Reference Entry
Ask the Docs End to End
Demo Internals · advanced · order 10
How the demo builds semantic embeddings, ships them to the browser, and answers natural-language questions locally.
Relevant APIs
Ask the Docs End to End
The demo has two retrieval experiences:
- regular search, which is mostly lexical
- “Ask the Docs”, which turns a question into an embedding and matches it against precomputed documentation chunks
This article explains the semantic path from markdown files to in-browser answers.

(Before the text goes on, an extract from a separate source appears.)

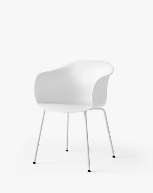 Veneer sheets formpressed together towards a solid wood insert. Milled into shape and lacquered. Natural Rattan weaved around a powder coated stainless steel frame.
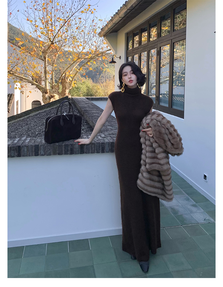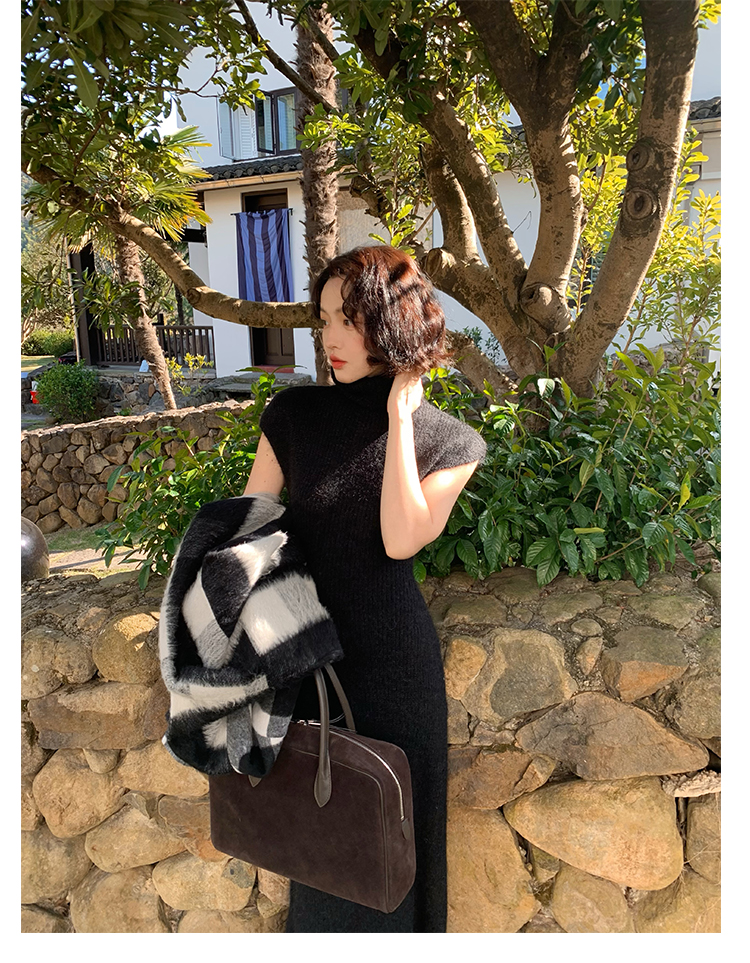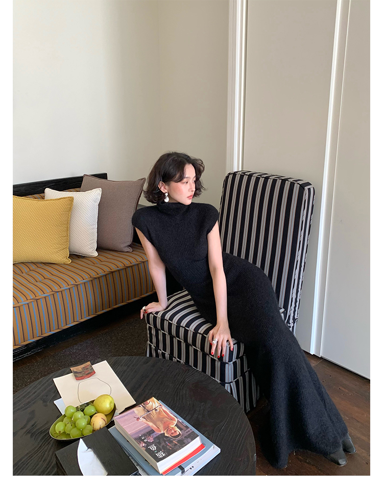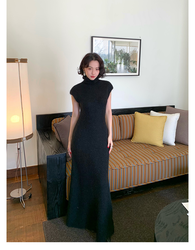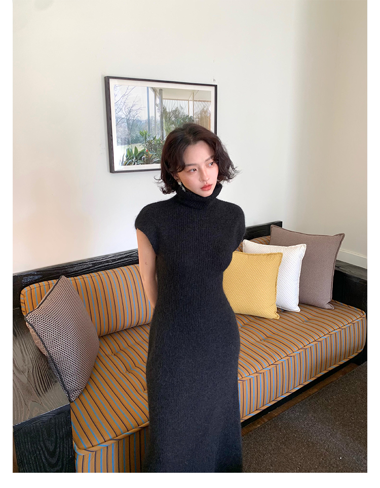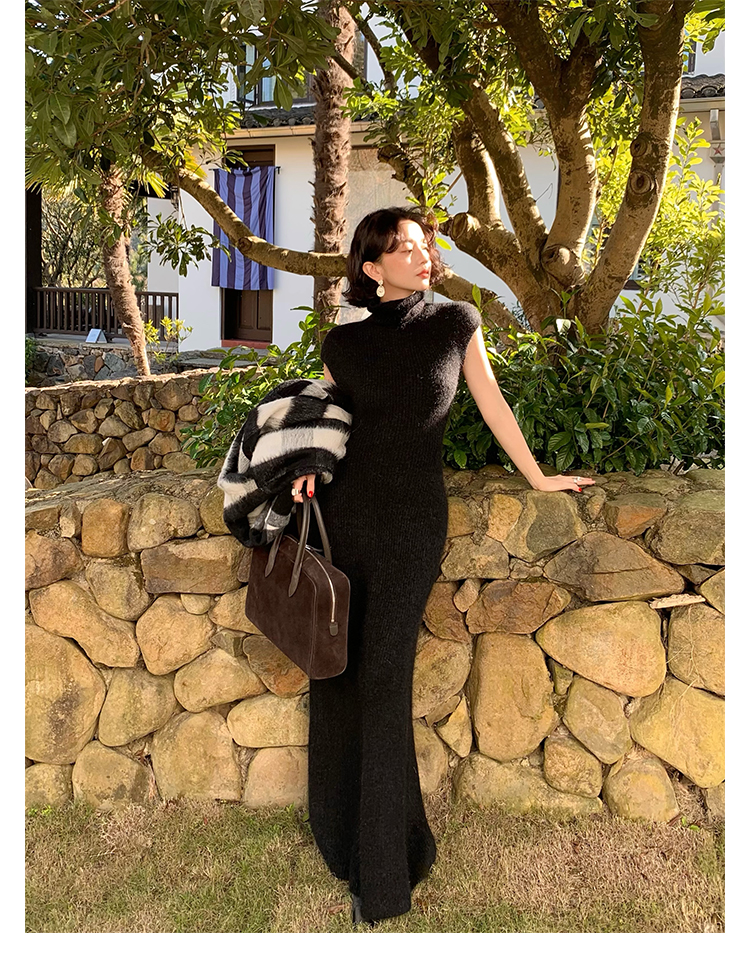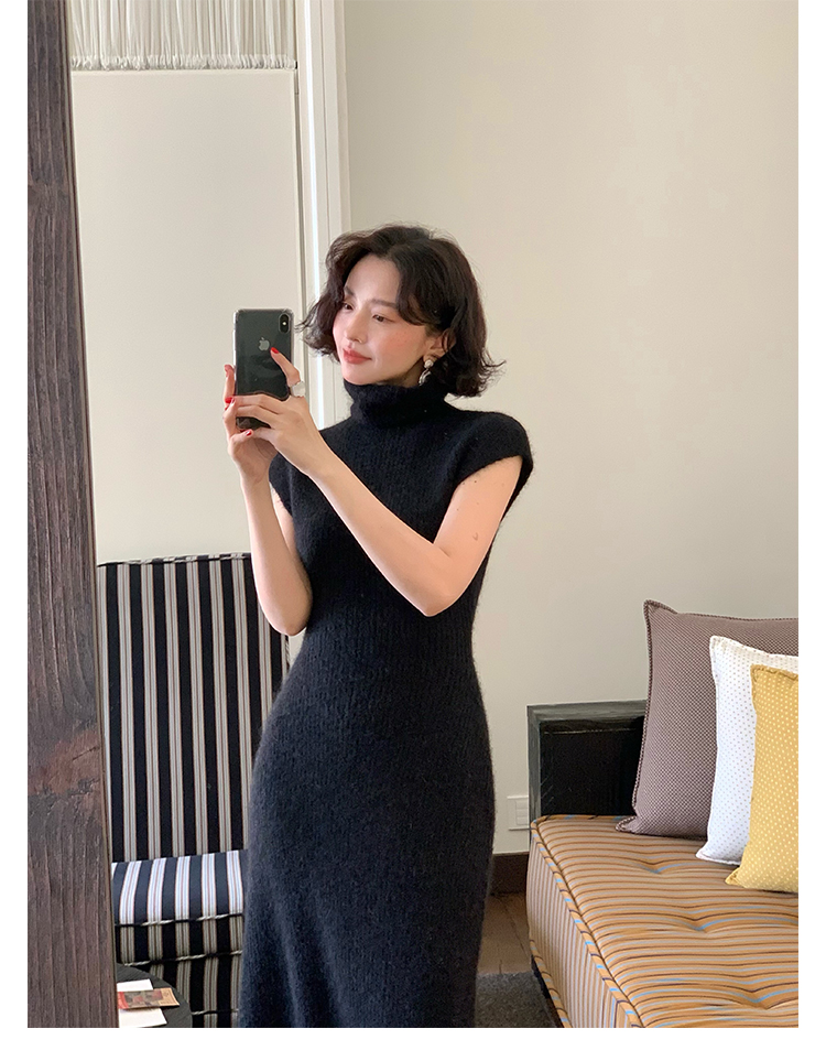 Warm Mohair Knit Sleeveless Base Dress – Hepburn High-Neck Style

Short introduction: what embeddings are
An embedding is a vector: a long array of numbers that represents the meaning of a text.
You can think of it like this:
- text goes into a model
- the model outputs numbers
- similar texts produce vectors that are close together
That lets you ask a question such as how do I preload search indexes in the browser? and still retrieve an article that mostly talks about build-time serialization and hydration, even if it does not use your exact wording.
The model used in the demo
The demo uses Xenova/all-MiniLM-L6-v2.
Why this model is a practical choice here:
- it is small enough to run in the browser
- it is available through
@huggingface/transformers - it produces useful sentence-level embeddings for short docs and chunked paragraphs
The semantic metadata lives in the demo source here:
That file defines:
- the model id
- chunk sizing constants
- markdown cleanup helpers
- article and chunk payload types used by both the build step and the browser runtime
Build-time flow
The build step reads all markdown docs, extracts metadata, builds lexical indexes, and precomputes semantic embeddings.
Relevant source:
The high-level flow is:
- Read every file in
docs/. - Parse frontmatter and markdown into
DocEntryrecords. - Turn each article into one article-level semantic text.
- Split each article into heading-aware chunks.
- Run the embedding model over the article text and each chunk.
- Store the vectors in generated demo JSON.
- Bundle that JSON into the demo app.
The Vite plugin in apps/demo/vite.config.ts runs this automatically:
- during local development
- during production builds
- when markdown docs change in dev mode
Why the docs are chunked
Whole-page embeddings are useful for related-article suggestions, but question answering works better when you search smaller pieces.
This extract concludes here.